Composition of continuity foundation
The Board of the Foundation appoints the Board members in
accordance with the Foundation’s Articles of Association. The Board
consists of three members, Mick den Boogert, Robert de Bakker
and Frans Koffrie. The Management Board of the company and
the Board of the Foundation declare that they are jointly of the
opinion that the Foundation is independent from the company.
Protection mechanism
Foundation Continuity TomTom
The company has granted the Foundation a call option (the Call
Option), entitling it to subscribe for preference shares, equal to a
maximum of 50% of the aggregate issued and outstanding share
capital (excluding issued and outstanding preference shares) of
the company at the time of issue. The issue of preference shares in
this manner would cause substantial dilution to the voting power
of any shareholder whose objective was to gain control of the
company.
Management Board authority to issue additional
preference shares
In addition to the Call Option, the Management Board has the
authority to issue preference shares. The Management Board
believed that there might be circumstances under which the
Management Board and the Supervisory Board would feel that
the issue of additional preference shares could be required in the
interest of the company and its stakeholders. For instance, the
number of preference shares the Foundation can acquire might
not be suffi cient. Also the situation could occur whereby the
Foundation has already exercised its Call Option and subsequently
the preference shares have been cancelled. As with the instrument
in place for the Foundation, any possible issuances of preference
shares will be temporary and subject to the company’s Articles of
Association and the legislation on takeovers.
As mentioned above, during the Annual General Meeting held
in April 2011, a resolution was passed to extend the authority of
the Management Board to issue preference shares and to grant
rights to subscribe for such shares until 29 October 2012, which
authority is limited to 50% of the aggregate outstanding share
capital (excluding issued and outstanding preference shares) of the
company at the time of issue.
The authorisation of the Management Board to restrict or exclude
pre-emptive rights pertaining to the (rights to subscribe for)

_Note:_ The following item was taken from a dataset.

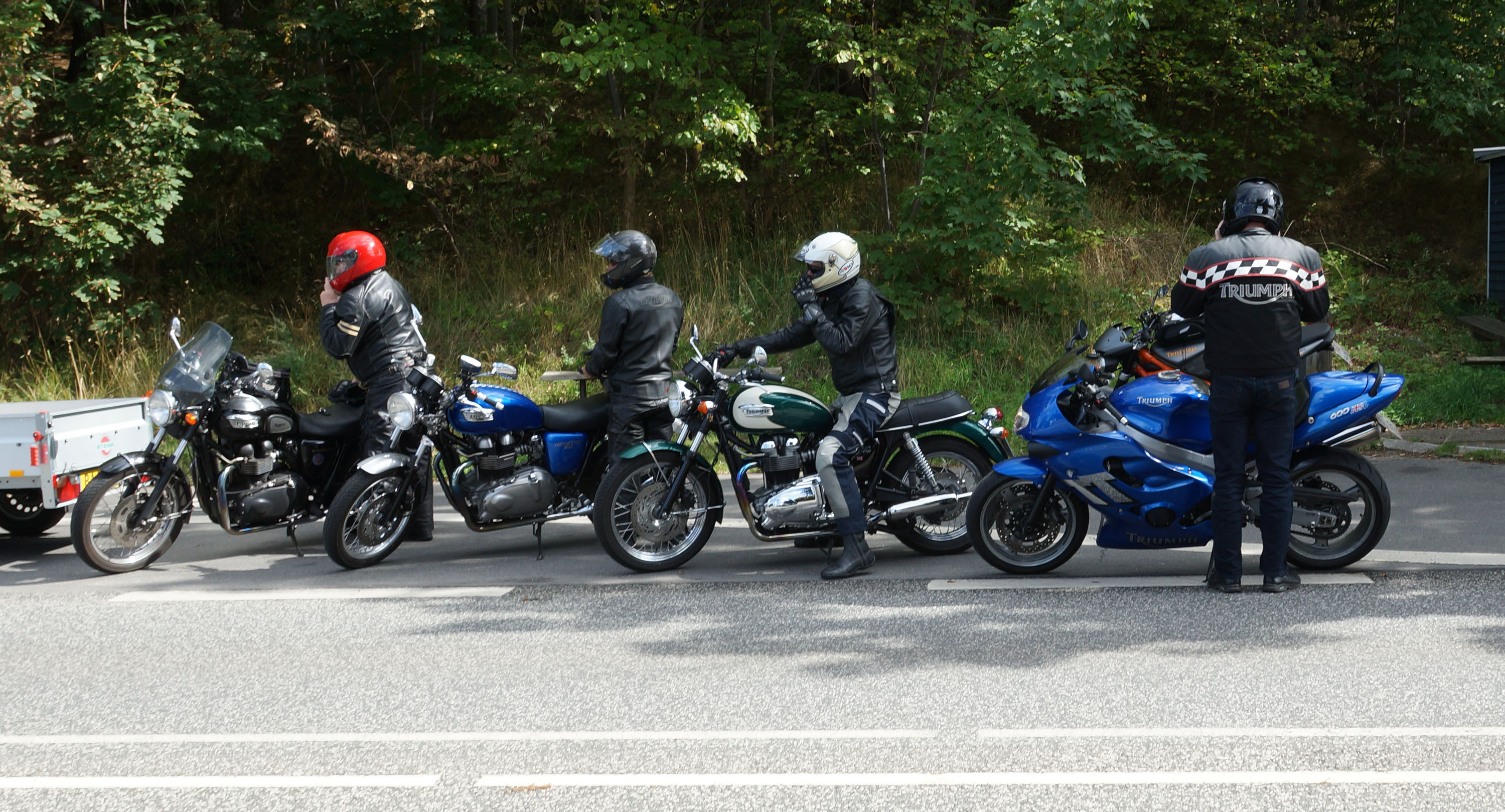 Thruxton -06, Steen på den grønne Bonneville T100 -06, Jan der luftede sin blå TT600 -02,

preference shares was extended until 29 October 2012 at the
Annual General Meeting of Shareholders in April 2011.
Pursuant to the Articles of Association, a resolution of our
Management Board to issue preference shares, or to grant
rights to subscribe for preference shares, as a result of which
the aggregate nominal value of the issued preference shares will
exceed 50% of the issued capital of ordinary shares at the time
of issue, will at all times require the prior approval of the General
Meeting of Shareholders.
Upon the issue of preference shares, subscribers for preference
shares must pay at least 25% of the nominal value of the
preference shares. Each transfer of preference shares requires
the approval of the Management Board and Supervisory Board.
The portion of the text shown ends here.